*** SUPPLIED DATA ***
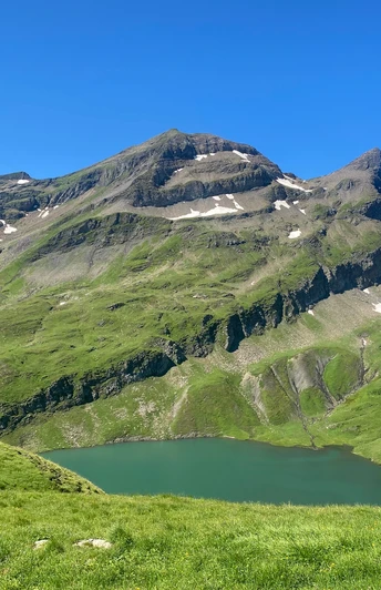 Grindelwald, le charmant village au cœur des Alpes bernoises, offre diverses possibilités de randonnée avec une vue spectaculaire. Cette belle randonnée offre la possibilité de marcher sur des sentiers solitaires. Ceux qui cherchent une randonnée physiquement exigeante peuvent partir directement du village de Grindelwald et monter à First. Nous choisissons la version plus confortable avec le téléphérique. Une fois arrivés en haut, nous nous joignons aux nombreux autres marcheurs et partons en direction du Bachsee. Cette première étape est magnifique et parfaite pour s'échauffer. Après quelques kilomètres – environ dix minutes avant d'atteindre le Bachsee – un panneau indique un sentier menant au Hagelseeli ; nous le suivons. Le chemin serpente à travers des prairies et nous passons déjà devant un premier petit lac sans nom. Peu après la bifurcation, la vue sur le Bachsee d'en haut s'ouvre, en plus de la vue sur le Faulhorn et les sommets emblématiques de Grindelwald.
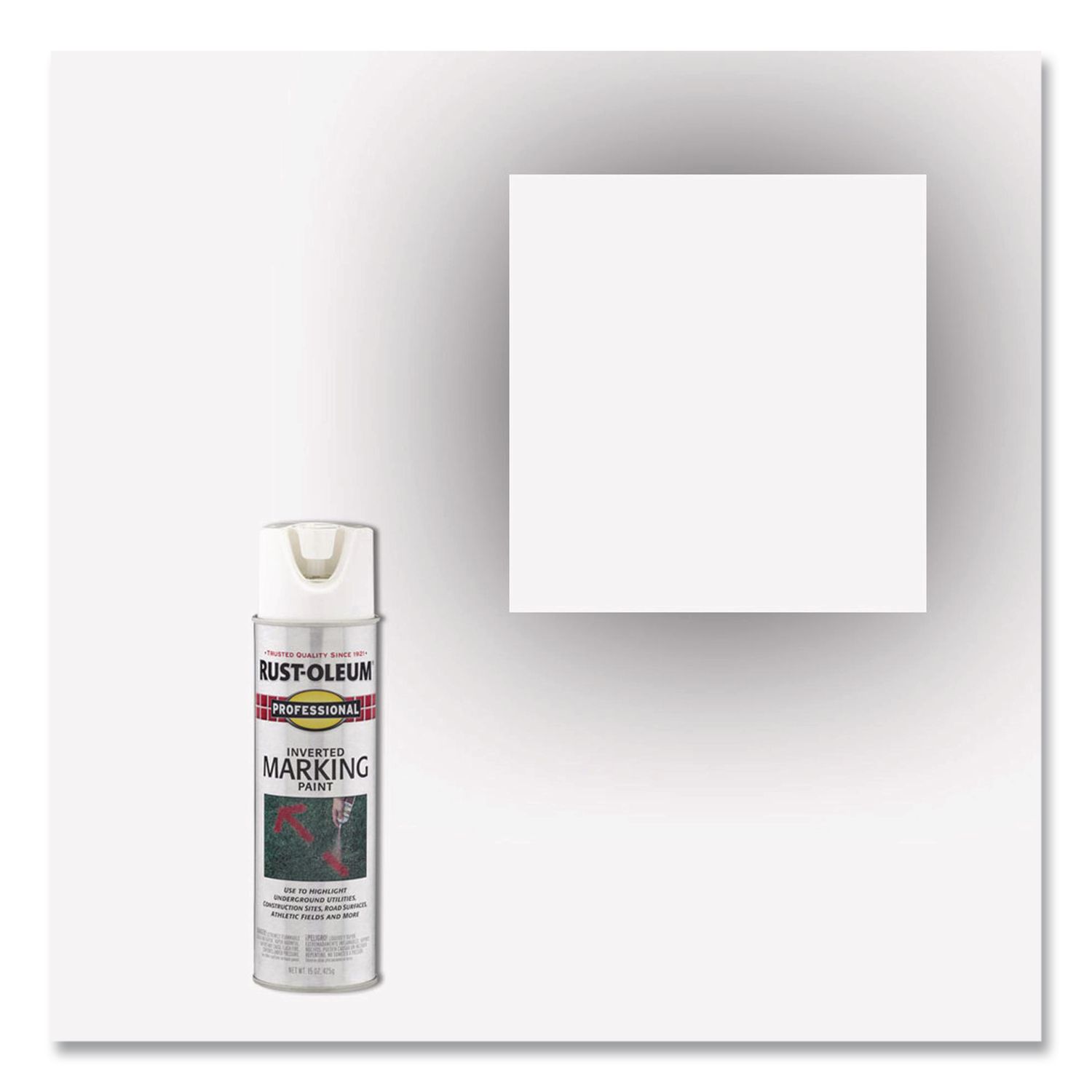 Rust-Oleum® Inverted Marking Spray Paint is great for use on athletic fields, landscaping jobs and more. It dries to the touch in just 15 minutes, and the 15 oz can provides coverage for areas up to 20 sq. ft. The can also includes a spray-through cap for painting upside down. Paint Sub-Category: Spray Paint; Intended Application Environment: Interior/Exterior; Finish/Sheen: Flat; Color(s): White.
*** End of SUPPLIED DATA ***
*** SUPPLIED DATA ***
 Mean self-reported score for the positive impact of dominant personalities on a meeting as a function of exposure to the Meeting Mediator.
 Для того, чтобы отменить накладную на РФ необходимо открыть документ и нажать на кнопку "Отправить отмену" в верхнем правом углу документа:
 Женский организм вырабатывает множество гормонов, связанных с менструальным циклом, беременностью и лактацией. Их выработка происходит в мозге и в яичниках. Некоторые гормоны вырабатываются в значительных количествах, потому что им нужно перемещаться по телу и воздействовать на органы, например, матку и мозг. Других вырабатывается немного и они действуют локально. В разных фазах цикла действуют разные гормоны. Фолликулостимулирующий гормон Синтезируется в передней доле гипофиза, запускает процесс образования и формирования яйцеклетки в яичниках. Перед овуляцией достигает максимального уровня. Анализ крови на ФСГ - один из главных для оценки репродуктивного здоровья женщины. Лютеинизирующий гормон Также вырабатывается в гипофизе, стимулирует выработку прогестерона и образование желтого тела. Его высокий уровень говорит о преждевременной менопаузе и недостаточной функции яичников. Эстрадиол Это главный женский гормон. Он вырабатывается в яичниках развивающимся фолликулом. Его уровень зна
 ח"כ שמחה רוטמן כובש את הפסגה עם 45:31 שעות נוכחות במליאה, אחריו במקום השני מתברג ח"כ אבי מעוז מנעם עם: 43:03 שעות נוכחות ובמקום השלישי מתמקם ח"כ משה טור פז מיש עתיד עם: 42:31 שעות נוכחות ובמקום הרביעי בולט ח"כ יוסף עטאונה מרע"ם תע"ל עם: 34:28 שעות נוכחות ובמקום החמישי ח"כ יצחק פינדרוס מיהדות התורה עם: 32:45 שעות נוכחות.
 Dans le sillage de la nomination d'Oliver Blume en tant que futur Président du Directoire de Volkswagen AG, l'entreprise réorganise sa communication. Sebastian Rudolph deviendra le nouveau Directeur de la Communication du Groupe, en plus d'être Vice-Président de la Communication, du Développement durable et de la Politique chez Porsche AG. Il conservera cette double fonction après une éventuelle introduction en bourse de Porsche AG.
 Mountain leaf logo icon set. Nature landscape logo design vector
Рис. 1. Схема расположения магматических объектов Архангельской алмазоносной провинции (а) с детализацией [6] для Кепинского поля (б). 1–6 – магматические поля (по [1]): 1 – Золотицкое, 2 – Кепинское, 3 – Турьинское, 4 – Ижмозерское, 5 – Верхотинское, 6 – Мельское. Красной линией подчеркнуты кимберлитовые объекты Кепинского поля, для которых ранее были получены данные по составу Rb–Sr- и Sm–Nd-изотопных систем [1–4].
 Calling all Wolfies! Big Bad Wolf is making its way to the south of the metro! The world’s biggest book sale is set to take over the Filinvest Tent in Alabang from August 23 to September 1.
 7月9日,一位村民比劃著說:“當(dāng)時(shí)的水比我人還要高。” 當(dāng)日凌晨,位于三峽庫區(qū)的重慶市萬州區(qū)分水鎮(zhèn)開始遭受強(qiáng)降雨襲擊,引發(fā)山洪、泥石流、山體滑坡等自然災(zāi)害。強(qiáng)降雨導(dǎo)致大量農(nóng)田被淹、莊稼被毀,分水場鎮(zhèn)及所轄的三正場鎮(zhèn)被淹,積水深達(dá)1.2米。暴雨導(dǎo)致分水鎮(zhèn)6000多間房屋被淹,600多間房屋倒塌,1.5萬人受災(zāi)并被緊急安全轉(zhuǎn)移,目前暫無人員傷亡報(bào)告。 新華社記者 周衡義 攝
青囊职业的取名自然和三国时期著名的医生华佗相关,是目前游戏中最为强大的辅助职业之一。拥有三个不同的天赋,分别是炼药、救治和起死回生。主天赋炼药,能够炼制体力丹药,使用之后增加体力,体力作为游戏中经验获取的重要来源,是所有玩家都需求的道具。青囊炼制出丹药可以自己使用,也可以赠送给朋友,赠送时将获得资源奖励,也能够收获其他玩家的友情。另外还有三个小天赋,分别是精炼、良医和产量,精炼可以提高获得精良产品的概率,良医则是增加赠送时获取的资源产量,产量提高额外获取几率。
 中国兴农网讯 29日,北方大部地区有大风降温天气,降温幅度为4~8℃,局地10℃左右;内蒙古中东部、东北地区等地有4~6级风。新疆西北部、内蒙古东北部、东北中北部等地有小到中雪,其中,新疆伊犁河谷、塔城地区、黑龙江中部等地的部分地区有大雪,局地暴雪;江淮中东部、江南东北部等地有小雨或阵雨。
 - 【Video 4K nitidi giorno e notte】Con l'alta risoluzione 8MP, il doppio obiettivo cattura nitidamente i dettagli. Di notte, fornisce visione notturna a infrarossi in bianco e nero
*** End of SUPPLIED DATA ***
* PROBLEM REQUIREMENTS
Return word for word the lines above from the line with "青囊职业的取名自然和三国时期" to the line with "- 【Video 4K", including both and leaving out all others.

* THE COMPLETED TASK
青囊职业的取名自然和三国时期著名的医生华佗相关,是目前游戏中最为强大的辅助职业之一。拥有三个不同的天赋,分别是炼药、救治和起死回生。主天赋炼药,能够炼制体力丹药,使用之后增加体力,体力作为游戏中经验获取的重要来源,是所有玩家都需求的道具。青囊炼制出丹药可以自己使用,也可以赠送给朋友,赠送时将获得资源奖励,也能够收获其他玩家的友情。另外还有三个小天赋,分别是精炼、良医和产量,精炼可以提高获得精良产品的概率,良医则是增加赠送时获取的资源产量,产量提高额外获取几率。
 中国兴农网讯 29日,北方大部地区有大风降温天气,降温幅度为4~8℃,局地10℃左右;内蒙古中东部、东北地区等地有4~6级风。新疆西北部、内蒙古东北部、东北中北部等地有小到中雪,其中,新疆伊犁河谷、塔城地区、黑龙江中部等地的部分地区有大雪,局地暴雪;江淮中东部、江南东北部等地有小雨或阵雨。
 - 【Video 4K nitidi giorno e notte】Con l'alta risoluzione 8MP, il doppio obiettivo cattura nitidamente i dettagli. Di notte, fornisce visione notturna a infrarossi in bianco e nero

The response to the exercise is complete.